As an optional, bonus step (and to get your name thrown into the hat twice), pass a mock log4net logger to NightlyOorderLogger in addition to the mocked OrderDao so that log files aren't necessarily generated during unit testing.
So what did we just accomplish? There are a few benefits to what we just did: 1) the unit tests are blazing fast as they don't depend on database communications, 2) the data-access and business logic layers are now loosely coupled, 3) the data-access layer can be easily mocked or even, albeit not likely, replaced with a completely different database communications layer, and 4) developers can no longer introduce new, bi-directional dependencies between the data-access and business logic layers.
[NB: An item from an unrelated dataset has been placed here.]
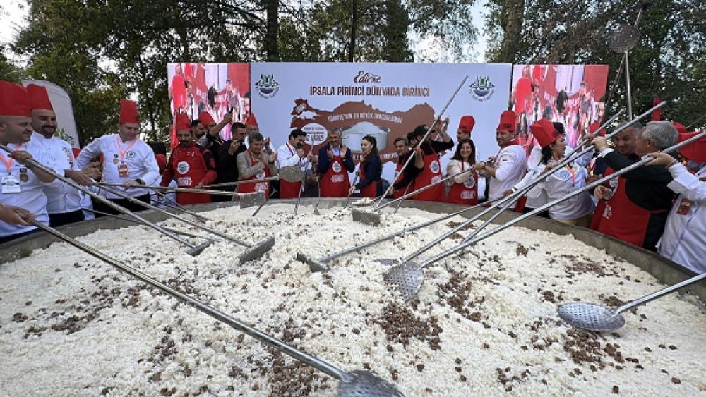 Edirne Valiliği tarafından bu yıl 2'nci kez gerçekleştirilen 'Topraktan Sofraya Edirne Gastronomi Festivali'nin 3'üncü gününde, Türkiye'nin en büyük tenceresinde İpsala pirincinden 6 ton pilav pişirildi. Kentin Söğütlük Millet Bahçesi'nde gerçekleştirilen etkinliğe Edirne Valisi Yunus Sezer, AK Parti Edirne Milletvekili Fatma Aksal, Cumhurbaşkanlığı Tarım ve Gıda Politikaları Kurulu Üyesi ve Tüm Restoranlar ve Turizmciler Derneği Genel Başkanı Şef Ramazan Bingöl, Bedri Usta lakaplı ünlü kebapçı Bedrettin Aydoğdu, pilav restoranı zinciri sahibi Nedim Şahin ile vatandaşlar katıldı. Dua edilmesinin ardından dev tencerenin kapağı açılarak, protokol üyeleri ve şefler tarafından 6 ton pilava kavurma eklenerek karıştırıldı. Hazırlanan pilav, vatandaşlara ikram edilirken, etkinliğe gelen çok sayıda vatandaş, pilav alabilmek için uzun kuyruklar oluşturdu.

The last point goes a long way to keeping an application clean, testable and maintainable.
This refactoring challenge is quite
a few steps beyond the simple, introductory refactorings we saw last week. But I hope I've illustrated that refactoring techniques can not only make a method cleaner, they can also provide direction for refactoring application architecture as a whole.
Good luck on the challenge and let me know if you have any questions!